We’ll see. They heard the tariffs case on an expedited basis but people expecting the decision would be expedited as well keep being disappointed.
 
SCOTUS has scheduled opinion announcements Feb 20, 24 & 25, with a lot of anticipation about (finally) a decision on tariffs.

We’ll see. They heard the tariffs case on an expedited basis but people expecting the decision would be expedited as well keep being disappointed.
I've heard several Court watchers say that the tariffs opinion is increasingly taking on the vibe of the immunity opinion. Reasonable decisions can be expedited. Really bad opinions take time.
 
Dems have to take back the Senate in November before we can pull a turtle.
I wish November were the correct window. Dems win in November and they don't take over the Senate until early January. Absolutely zero doubt in my mind that several justices would resign between election day and start of the next session to allow the Pubs to ram through Trump appointees.
 
I wish November were the correct window. Dems win in November and they don't take over the Senate until early January. Absolutely zero doubt in my mind that several justices would resign between election day and start of the next session to allow the Pubs to ram through Trump appointees.
Big if, but if Dems take back the Senate chances are there would not be enough time for justices to retire/resign and then nominees be named before Thanksgiving. After that, we are into the holiday season when Congress typically goes home . I don't think confirmation hearings would be held during the holidays.
 
Big if, but if Dems take back the Senate chances are there would not be enough time for justices to retire/resign and then nominees be named before Thanksgiving. After that, we are into the holiday season when Congress typically goes home . I don't think confirmation hearings would be held during the holidays.
They will if they need to be. They've got the votes and the people in the right spots to make it happen and we know that expediency rules for these assholes.
 
If Thomas and/or Alito retire, would their replacements be any worse? They’re already about as bad as you can get.

Roberts is the only one I’d be concerned about, but even he has rarely reigned in the crazy.
 
They will if they need to be.
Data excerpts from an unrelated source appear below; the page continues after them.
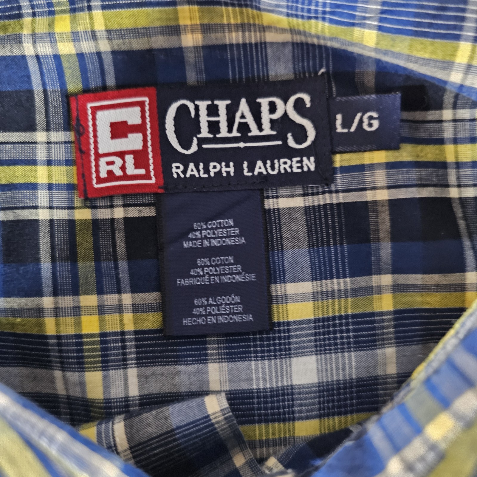 This Chaps Ralph Lauren Men's Long Sleeve Button Down Shirt in size Large features a classic blue/yellow striped pattern, made from a comfortable cotton blend material. With a collared neckline, button closure, and regular fit, this shirt is perfect for casual occasions. The shirt also includes pockets and is suitable for all seasons, making it a versatile addition to any man's wardrobe.
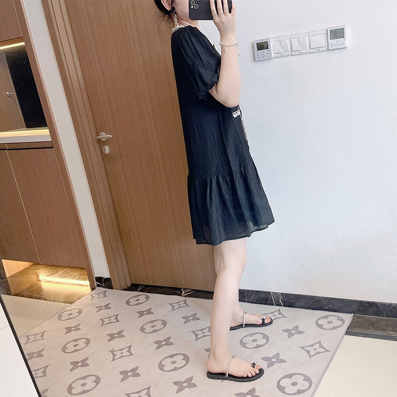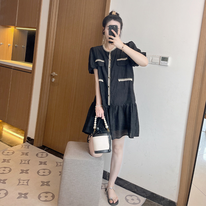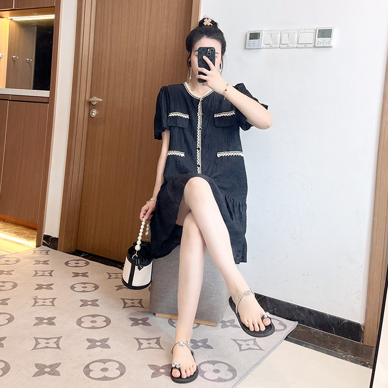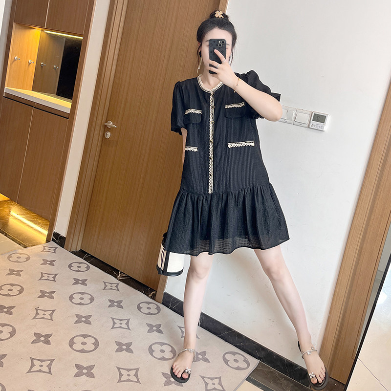大码法式小香风连衣裙女夏季胖mm遮肉显瘦时尚休闲小个子别致裙子
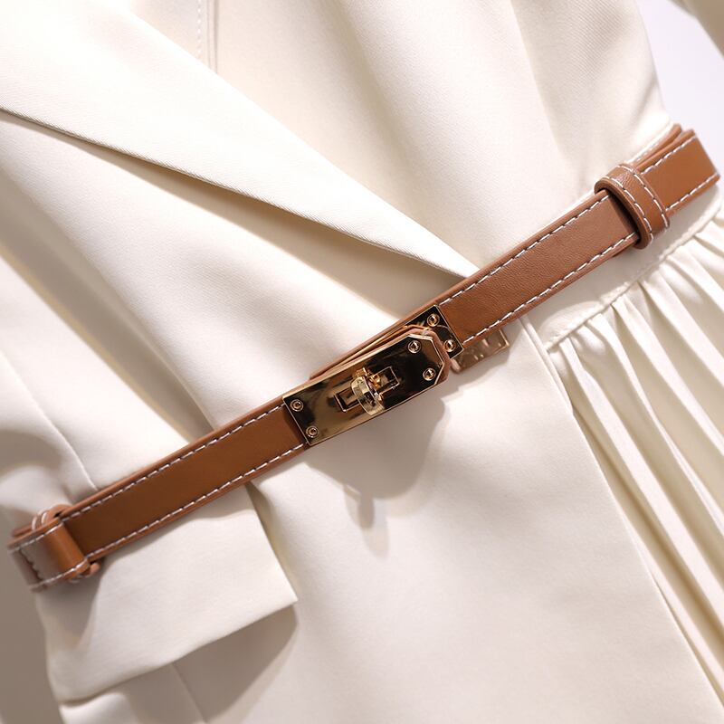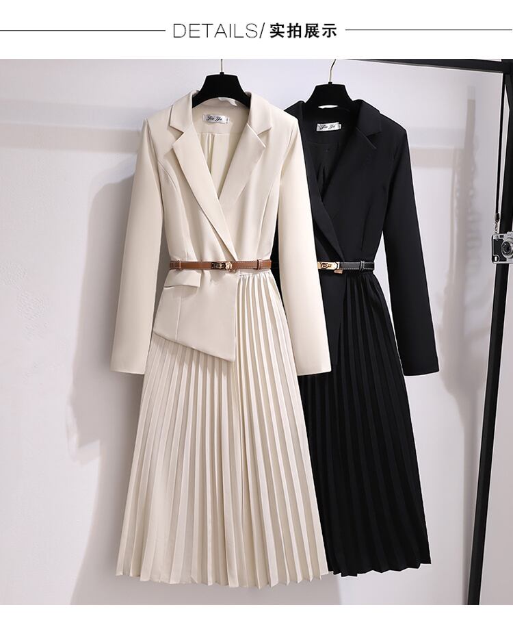 2022 ウエストノッチプリーツ不規則なベルトオフィス女性春冬ロングドレス スプリング 春物 ウィンター 冬物 ハーネス 会社 学校 通勤や通学にも Rhc62382897935
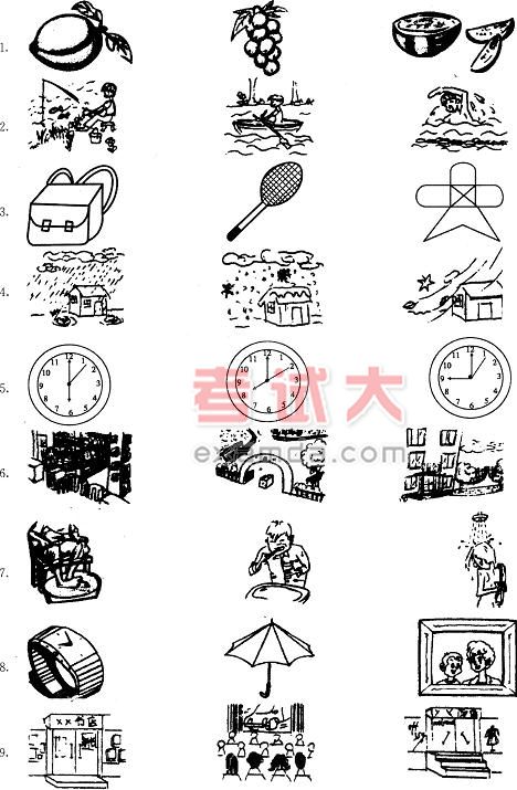 在本节中,你将听到10个句子,每句话配有A、B、C三幅图片,请选择与句子内容相符合的一幅图片,并标在试卷的相应位置。每句话后有15秒钟的停顿,以便选择图片并看下一组图片。每句话读两遍。
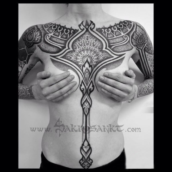 多款黑色线条素描几何元素创意经典霸气大面积纹身图案
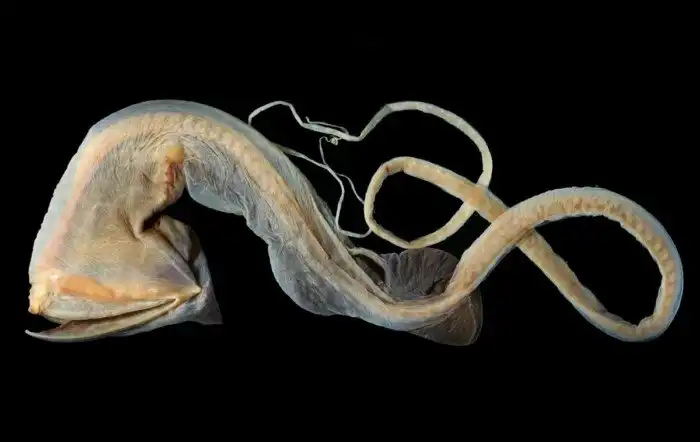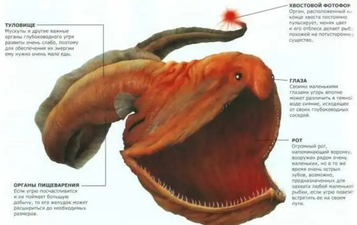 Несмотря на огромные размеры пасти, пеликаний угорь лишен многих «рыбьих» атрибутов. У него нет ни чешуи, ни плавательного пузыря, ни рёбер, ни нормального скелета вообще. Есть только несколько деформированных костей, тонких хрящей и маленький череп. Зато, на конце хвоста эволюция прицепила ему яркий велосипедный фонарик, испускающий розовый свет или красные вспышки, чтобы привлекать добычу и предупреждать тихоокеанских глубоководных дальнобойщиков об опасности столкновения.
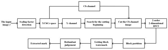 Robustness, imperceptibility, capacity, and computation complexity are the main factors we should consider when we design a watermarking scheme. In order to obtain a better robustness, we transform the image into the YCbCr color space and apply DWT to obtain the more stable low frequency data. What is more, we divide the image into blocks and repeatedly embed the same input watermark. As to the imperceptibility, we carefully select the parameters in the scheme, including the DCT positions to be embedded and the quantization value . We also choose a proper size of blocks to make this scheme have enough capacity. In addition, multiple processes are also applied to the extracting scheme in order to reduce the computation complexity. Figure 5 and Figure 6, respectively, display the detailed embedding and extracting schemes, and the specific processes are described in Section 3.1 and Section 3.2, respectively.
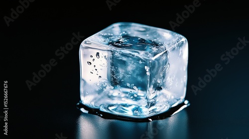 Crystal clear ice cube melting on reflective surface, with water droplets clinging to its sides
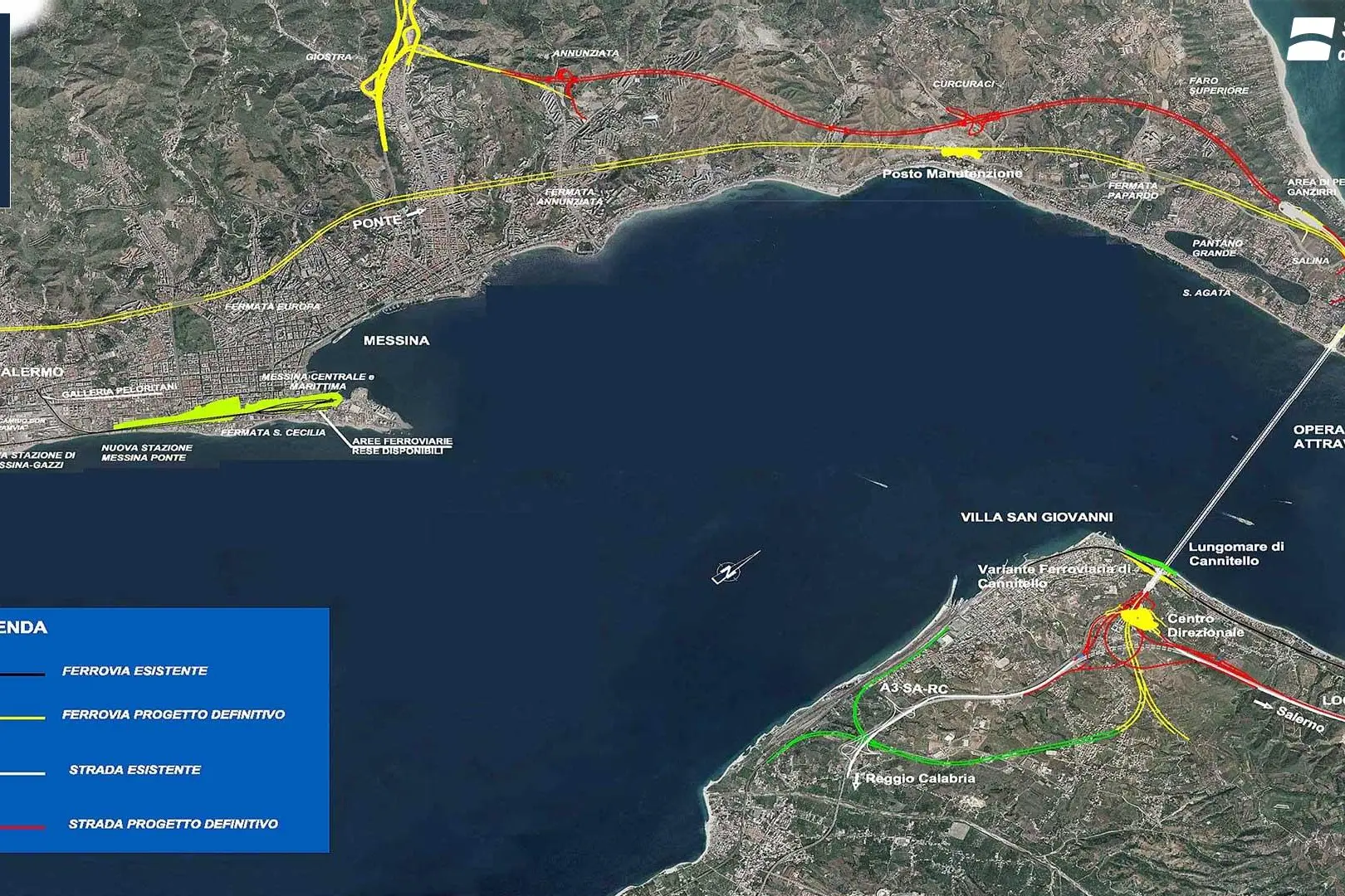 I cantieri, alla fine, non sono partiti. Accadrà, forse, nei prossimi mesi. Il Governo insiste sul progetto da 13,5 miliardi di euro affidato al consorzio internazionale Eurolink guidato da Webuild, con la giapponese IHI, il gruppo spagnolo Sacyr ed i progettisti dello studio danese Cowi. Al momento pareri controversi stoppano la realizzazione di un’opera che si annuncia la più imponente e costosa mai realizzata nel nostro Paese e che punta a modernizzare e velocizzare i collegamenti Nord-Sud. Per unire Sicilia e Calabria ci vorranno 8 anni e 36mila tra tecnici ed operai specializzati. Nell’indotto ci sarà lavoro per circa duemila imprese con un ulteriore impiego di circa 50mila unità. Secondo le stime il contributo al Pil sarà pari a 23 miliardi. I guadagni previsti per la Sicilia e per la Calabria ammontano complessivamente a 4 miliardi fino alla realizzazione dell’opera. Con i suoi 3.660 metri di lunghezza, 3.300 di campata unica, il Ponte avrà 3 corsie per direzione (due di marcia e una di emergenza) e una sede ferroviaria a doppio binario. Le torri saranno alte 399 metri, per una capacità massima di 6mila veicoli all'ora e 200 treni al giorno. Il progetto prevede una serie di interventi infrastrutturali su entrambi i versanti: 20 km di rete stradale e 20 km di rete ferroviaria a doppio binario e 3 nuove stazioni ferroviarie, un centro direzionale a Villa San Giovanni.
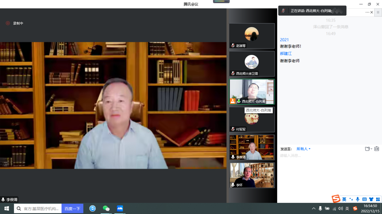 2022年12月15日15时,中央民族大学李俊清教授应邀为银河官网 师生作了题为“国家社科基金论证与申报”的学术讲座。本次讲座由银河官网 李怀教授主持,学院共计200多名师生参加了此次讲座。

They've got the votes and the people in the right spots to make it happen and we know that expediency rules for these assholes.
ACB was nominated 9/16 2020 and confirmed 10/26/2020 all of which occurred before the election. I'm not sure what lead up was to the date of her actual nomination.

If Alito and/or Thomas wait to vacate after the election then I don't see beating the clock if Dems take back the Senate. So in my mind it is whether Trump and SCOTUS want to play it safe and have Alito and/or Thomas announce their intention to retire no later than this summer.
 
If this happens then the Democrats have to push expanding the supreme court the next time they are in control of Congress and the White House
 
If this happens then the Democrats have to push expanding the supreme court the next time they are in control of Congress and the White House
That has to occur anyway, regardless. Ideally, we'd just nuke the Supreme Court -- deprive it of virtually all jurisdiction and create a new appeals court to do its appellate review job.

After Trump v. US, after the Summer of Stays, this SCOTUS has lost all legitimacy and cannot be reasonably regarded as a judicial body.
 
I've heard several Court watchers say that the tariffs opinion is increasingly taking on the vibe of the immunity opinion. Reasonable decisions can be expedited. Really bad opinions take time.
I don't think this is accurate at all. First, the "really bad opinions take time" approach is just not accurate. They've had some really bad decisions on the shadow docket, arguably as bad as Trump v. US.

What you're reacting to is that the important, involved opinions usually are released end of term for a number of reasons. The Court has been fucking up in those important, involved opinions a lot. That doesn't mean the really bad ones take time; it just means a lot of the ones announced at the end of term are really bad.

In this case, the longer it takes, the more likely it is for the tariffs to fall -- that's my view, at least. That's because the thorniest issue in the case by far, and indeed one of the thorniest issues I've seen before the Supreme Court recently, is the appropriate remedy for the illegal imposition of tariffs. Usually, an illegally collected tax results in return of the money paid; but is that feasible here? Do the importers get all the refunds, and customers who have been paying higher prices get stiffed? The petitioners in this case said that they would be OK with a mere invalidation of the tariffs without any compensation, but if the tariffs are struck down, all importers would at least have a right to seek relief. If the court says, "the plaintiffs do not ask for monetary remedies and we will therefore decline to give one," that's great but it wouldn't apply to Wal-Mart. If the court wants to say, "the plaintiffs cannot seek monetary remedies because administrability," then it has to find a way to do that consistent with law. If it cared about this issue, it would just do whatever it wanted but this isn't religion or gun rights or voting so it might try to at least pretend to follow the law.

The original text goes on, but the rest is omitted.